Directory structure:
gitextract_zhmwk546/

├── .gitattributes
├── .gitignore
├── README.md
├── install-python.sh
├── practical1.ipynb
└── ted_en-20160408.xml

================================================
FILE CONTENTS
================================================

================================================
FILE: .gitattributes
================================================


================================================
FILE: .gitignore
================================================
*.zip


================================================
FILE: README.md
================================================
# Practical 1: word2vec
[Brendan Shillingford, Yannis Assael, Chris Dyer]

For this practical, you'll be provided with a partially-complete IPython notebook, an interactive web-based Python computing environment that allows us to mix text, code, and interactive plots.

We will be training word2vec models on TED Talk and Wikipedia data, using the word2vec implementation included in the Python package `gensim`. After training the models, we will analyze and visualize the learned embeddings.

## Setup and installation
On a lab workstation, clone the practical repository and run the `. install-python.sh` shell script in a terminal to install Anaconda with Python 3, and the packages required for this practical.

Run `ipython notebook` in the repository directory and open the `practical.ipynb` notebook in your browser.

## Preliminaries

### Preprocessing
The code for downloading the dataset and preprocessing it is prewritten to save time. However, it is expected that you'll need to perform such a task in future practicals, given raw data. Read it and make sure you understand it. Often, one uses a library like `nltk` to simplify this task, but we have not done so here and instead opted to use regular expressions via Python's `re` module.

### Word frequencies
Make a list of the most common words and their occurence counts. Take a look at the top 40 words.
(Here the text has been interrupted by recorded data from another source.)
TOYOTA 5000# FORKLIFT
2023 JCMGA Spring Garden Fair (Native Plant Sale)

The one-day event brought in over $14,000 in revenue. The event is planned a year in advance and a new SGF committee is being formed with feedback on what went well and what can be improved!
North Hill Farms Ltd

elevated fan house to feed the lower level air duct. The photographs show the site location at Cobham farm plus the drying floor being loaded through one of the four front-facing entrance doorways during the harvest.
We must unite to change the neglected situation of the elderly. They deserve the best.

You may want to use the `sklearn.feature_extraction.text` module's `CountVectorizer` class or the `collections` module's `Counter` class.

Take the top 1000 words, and plot a histogram of their counts. The plotting code for an interactive histogram is already given in the notebook.
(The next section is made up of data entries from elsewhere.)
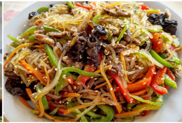
★ BEEF JAB CHE 잡채 GLASS NOODLES with SAUTEED MEAT & VEGETABLES ... 55 (Vegetarian Option Available)
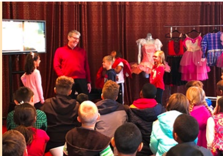
2019 Coronado Classroom Photos

Truly one of most unique student experiences in our region is the Coronado Classroom Education Center . The Classroom brings individual school classes to the Coronado for an informal and interactive experience. Through our photo archives and artifacts and guest presenters, it is a unique approach to bring history to life. We compare Coronado history with local and global events. Here are the kind of topics we talk about:
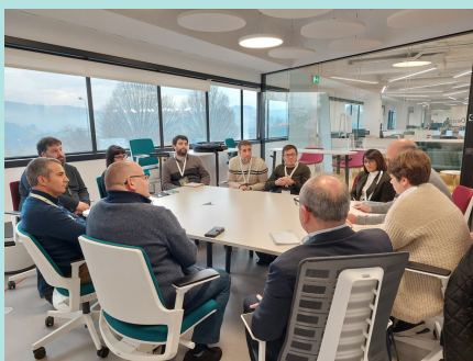
Picture 1. Spanish Workshop

**Handin:** show the frequency distribution histogram.

## Training Word2Vec
Now that we have a processed list of sentences, let's run the word2vec training. Begin by reading the gensim documentation for word2vec at <https://radimrehurek.com/gensim/models/word2vec.html>, to figure out how to use the `Word2Vec` class. Learn embeddings in $\mathbb R^{100}$ using CBOW (which is the default). Other options should be default except `min_count=10` so that infrequent words are ignored. The training process should take under half a minute.
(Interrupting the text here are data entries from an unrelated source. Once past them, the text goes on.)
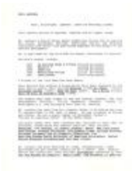
Tato Laviera - Biographical Description (TaLa_b01_f01_0059)
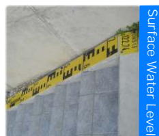
Surface Water Level
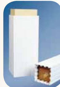
The Beautiful Vinyl Cladding Will Last for Years.
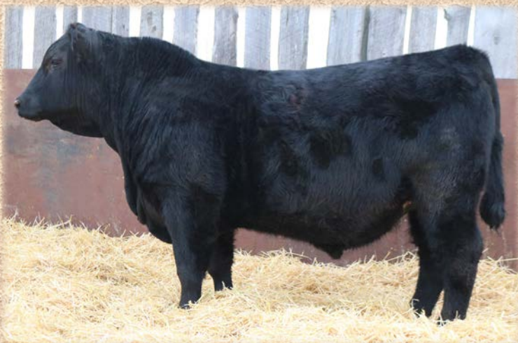
LOT 100 - HE 7700 CHINOOK 54F

If your trained `Word2Vec` instance is called `model_ted`, you should be able to check the vocabulary size using `len(model_ted.vocab)`, which should be around 14427. Try using the `most_similar()` method to return a list of the most similar words to "man" and "computer".

**Handin:** find a few more words with interesting and/or surprising nearest neighbours.

**Handin:** find an interesting cluster in the t-SNE plot.

**Optional, for enthusiastic students:** try manually retrieving two word vectors using the indexing operator as described in gensim's documentation, then computer their cosine distances (recall it is defined as $d(x,y) = \frac{\langle x, y \rangle}{\|x\|\|y\|}$). You may be interested in `np.dot()` and `np.linalg.norm()`, see the numpy documentation for details. Compare this to the distance computed by gensim's functions.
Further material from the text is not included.